These statements perform a group by aggregating the grade column in the sas_data.loan_ds SAS dataset and output the summarized result set to the SAS dataset WORK.grade_sum .

The syntax
df = sas.sd2df('grade_sum')

creates the df DataFrame by calling the sas.sd2df() method. The argument to the call is name of the SAS dataset opened on input; in this example, we specify the WORK.grade_sum dataset .

With the WORK.grade_sum dataset written as the df DataFrame, we can utilize any of the panda methods for subsequent processing.

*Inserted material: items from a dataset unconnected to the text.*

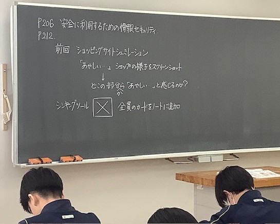 本日(26日) は、昨日の1・2年生定期テスト後のため、返却や解説・対策、3年生は、公立高校入試対策や応用・発展学習に入っている教科が多く見られてきます。弟中授業「本日の一本」は、2年生の技術です。学習内容は、「安全に利用するための情報セキュリティ」について学んでいます。生徒たちを取り巻く環境は、ネットなど大量かつ多様な情報で満ちあふれています。危険やリスクを回避するために、情報を正しく捉えしっかり判断するスキルと能力・態度の育成がますます重要となってきます。 本校でも技術科のような教科だけでなく、警察によるSNSなどの情報モラル教室の開催や適宜、学活等など学級指導を行っておりますが、ご家庭との同一歩調での教育と見守り指導は不可欠です。
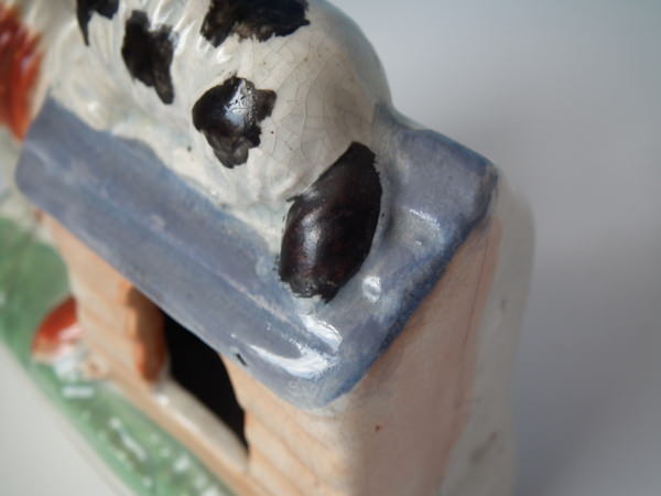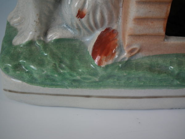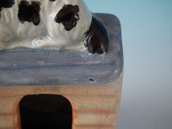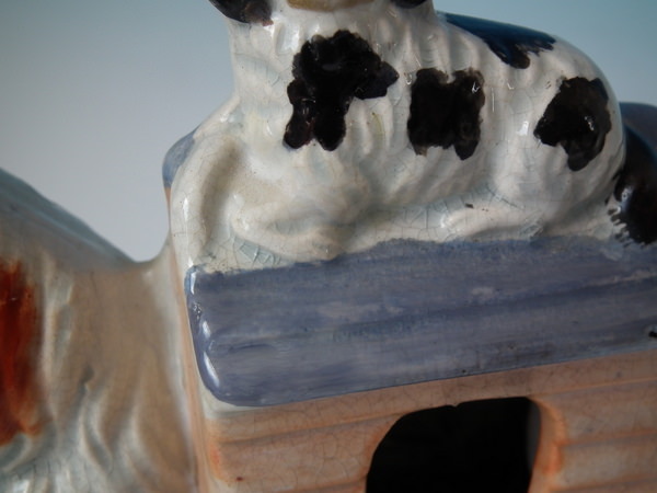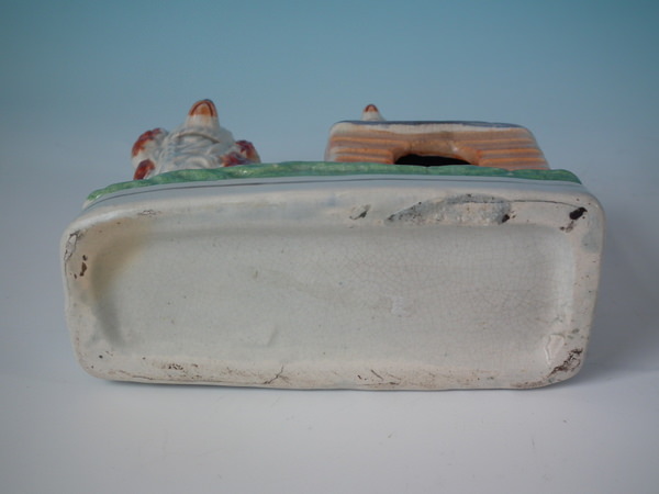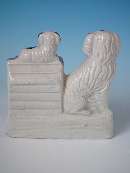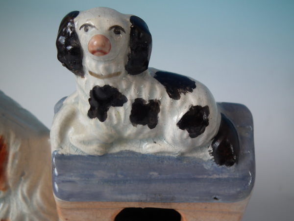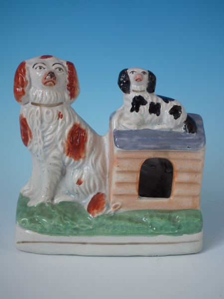 Victorian, circa 1860. 5.9ins high, 5.8ins wide, 2.5ins depth. Staffordshire group which features a spaniel with her pup next to a kennel, seated on a rectangular base.
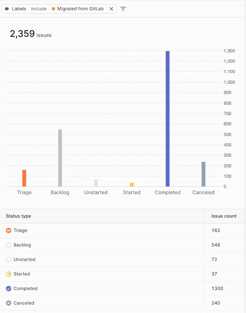 Migrating labels was a bit tricky. Both GitLab and Linear support some sort of label grouping, but in Linear the group name is not included in the label name as in GitLab (where we have scoped labels,:: acting as separator between the group and the label. Labels must be unique in Linear, not just within a group, so you can’t have a colors/green and eco/green label at the same time.
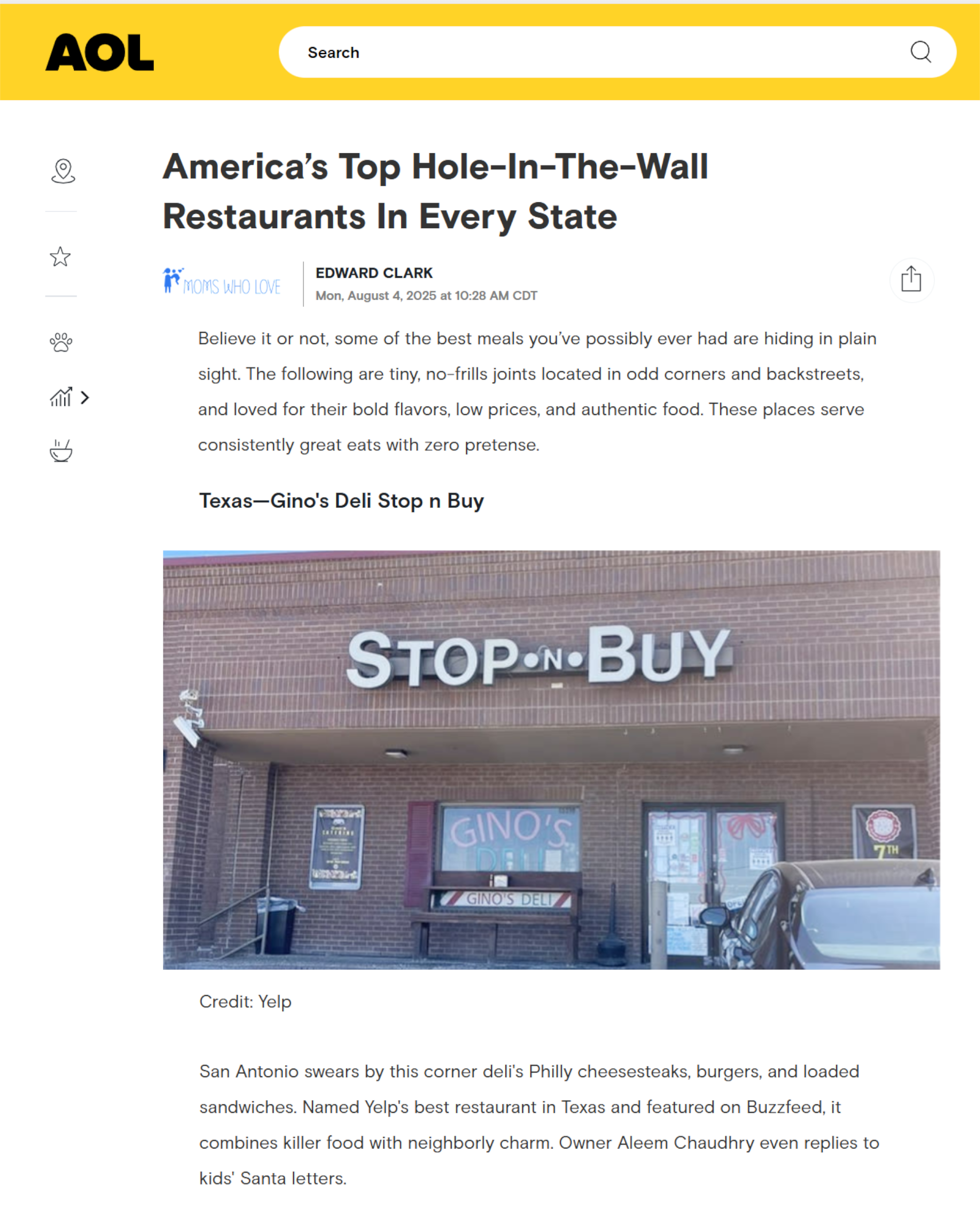 Gino’s Deli yet again is ranked the best Hole In The Wall restaurant in the state of Texas

Next the df DataFrame created from the SAS dataset WORK.grade_sum calls the plot.bar() method to produce a simple histogram. The y axis column grade_ct was created as part of the PROC SQL group by logic. The resulting histogram is displayed in Figure 8-8.
../images/440803_1_En_8_Chapter/440803_1_En_8_Fig8_HTML.jpg
Figure 8-8

Credit Risk Grades

Passing SAS Macro Variables to Python Objects

Another useful feature of SASPy is the ability to pass SAS Macro variable values to and from Python objects. The SASPy SASsession object has two methods for passing values. The sas.symget() method assigns the value of a SAS Macro variable to a Python object using the syntax
py_obj = sas.symget(existing_sas_macro_var)
Use the sas.symput() method to pass the value of a Python object to a SAS Macro variable value using the syntax
sas.symput(sas_macro_variable, py_obj)

Consider Listing 8-21.

In this example, the sas_code object is a Python Docstring containing statements for a SASdata Step and a SAS PROC Step. The sas_code Docstring is passed to the sas.submit() method for execution by SAS. In the Data Step code, the value from the automatic SAS Macro variable &SYSERR is assigned to the Macro variable &STEP1_RC. Similarly, in the PROC step &SYSERR is assigned to the SAS Macro variable &STEP2_RC. &SYSERR is an automatic, read-only Macro variable containing the execution return code from the Data Step and most PROC steps.
>> import pandas as pd
>>> import saspy
>>> sas = saspy.SASsession(cfgname='winlocal')
SAS Connection established. Subprocess id is 16836
>>>
>>> sas_code="'data _null_;
... yes = exist('sashelp.class');
... if yes  = 1 then put
...    'Table Exists';
... else put
...    'Table Does NOT Exist';
... %let step1_rc = &syserr;
... run;
...
... proc summary data=sashelp.class;
... var weight;
... run;
... %let step2_rc = &syserr;
... "'
>>> run_sas = sas.submit(sas_code, results="TEXT")
>>>
>>> rc = []
>>> rc.append(sas.symget('step1_rc'))
>>> rc.append(sas.symget('step2_rc'))
>>> for i, value in enumerate(rc):
...     if value==0:
...         print ("Normal Run for Step {}.".format(i, value))
...     else:
...         print("Abnormal Run for Step {}. RC={}".format(i, value))
...
Normal Run for Step 0.
Abnormal Run for Step 1. RC=1012
>>> print(run_sas[('LOG')])
Listing 8-21

sas.symget Method

Passing the SAS Macro variable return codes from each SAS execution step to a Python object is accomplished calling the sas.symget() method. The syntax
rc = []
rc.append(sas.symget('step1_rc'))
rc.append(sas.symget('step2_rc'))

creates an empty list and then the append() method calls the sas.symget() method . The sas.symget() method call returns the codes and appends them to the rc list. The for loop iterates through the rc list using if/else logic to print the SAS return codes.

The statement
print(run_sas[('LOG')])
returns the SAS log fragment associated with just those statements executed by the last sas.submit() method . This is in contrast to the statement
print(sas.saslog())
which returns the SAS log for the entire session. Examining the log we can easily see the error.
35         proc summary data=sashelp.class;
36         var weight;
37         run;
ERROR: Neither the PRINT option nor a valid output statement has been given.
NOTE: The SAS System stopped processing this step because of errors.

Prompting

SASPy supports interactive prompting . The first type of prompting is done implicitly. For example, when running the SASsession() method , if any required argument to the connection method is not specified in the SAScfg_personal.py configuration file, then the connection process is halted, and the user is prompted for the missing argument(s).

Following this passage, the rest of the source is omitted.